According to the latest documents filed with the Securities and Exchange Commission (SEC) on Friday, Alibaba has planned to raise up to USD 24.3 billion (£15bn) in its share sale when it begins trading at the at the New York Stock Exchange (NYSE) from September 19 under the code BABA.
Sources say the company is likely to set the share price on September 18.
With a whopping amount of USD 24.3 billion, Alibaba will break previous record amount of USD 22.1 billion set by Agricultural Bank of China.
As the IPO debut of the Chinese retail giant into the American market nears, speculations, fears and high hopes are mounting higher day-by-day.
Here are the top ten reasons you should know as an investor in Alibaba:
- Analysts say the company is likely to keep its share price in the range of USD 60-66 per share. With this size, Alibaba’s IPO would become the largest ever for a US-listed firm.
- The total value of the company is expected to be about USD 163 billion, which is really a big one in the US stock market history.
- The speculated worth value will make the Chinese retailer larger than 95 percent of the firms featuring on the S&P500. Hence, being a shareholder into a big company like Alibaba is a fair deal.
- Alibaba is expected to raise about USD 21 billion, which would be more than USD 17.9 billion raised by Visa in 2008, the largest US IPO till date.
- The Chinese firm would sell 320.1 million depositary shares in its IPO in the US. And the share price ranges between USD 60 to USD 66 per share. Analysts say the expected price range is a worthy deal for the investors.
- If the company’s projections materialize, the market cap of Alibaba would go as high as USD 245 billion overnight.
- Analysts say the Chinese company that was barely known to anyone just a few weeks ago will be bigger than prominent companies like Facebook, eBay and Amazon in an instant.
- Once it goes public, Alibaba will soon turn into enormous cash war chest. With huge cash in hand it will go hunting for acquisitions that boost customer penetration and revenue simultaneously.

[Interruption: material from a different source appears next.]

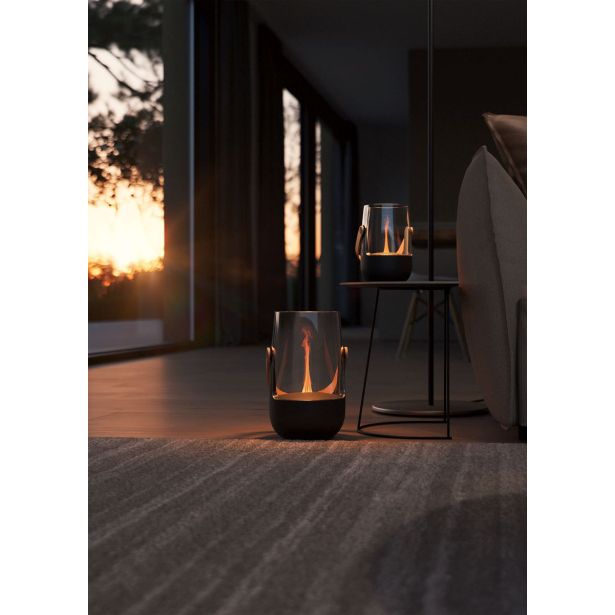 Vsestranska in enostavna za uporabo: Sophie – laterna in aroma difuzor obenem. Primerna je tako za notranjo kot zunanjo uporabo. Njena jantarna svetloba ustvarja realističen učinek plamena. Delovanje do 11 ur z enim polnjenjem integrirane baterije. Odporna tudi na škropljenje vode (IP44).

- The deal bigger as Alibaba’s magnitude has already sent enormous shockwaves across the financial markets. Sources say the company plans to sell nearly half of its stake while giving them a mammoth amount of cash. But where will all those cash go? Analysts say the money will go to three places:
- The company could return the cash to shareholders via a buyback
- The cash could be handed out to the shareholders with a hefty dividend
- Last but not the least, the company could start focusing on expansion projects by making some big acquisitions
Analysts say, in any case, it’s a victory situation for the shareholders.
10. Slow and steady wins the race. This adage goes very well with Alibaba. Its sales rose 55 percent in the year that ended in March, while its net income rose nearly six-fold over two years.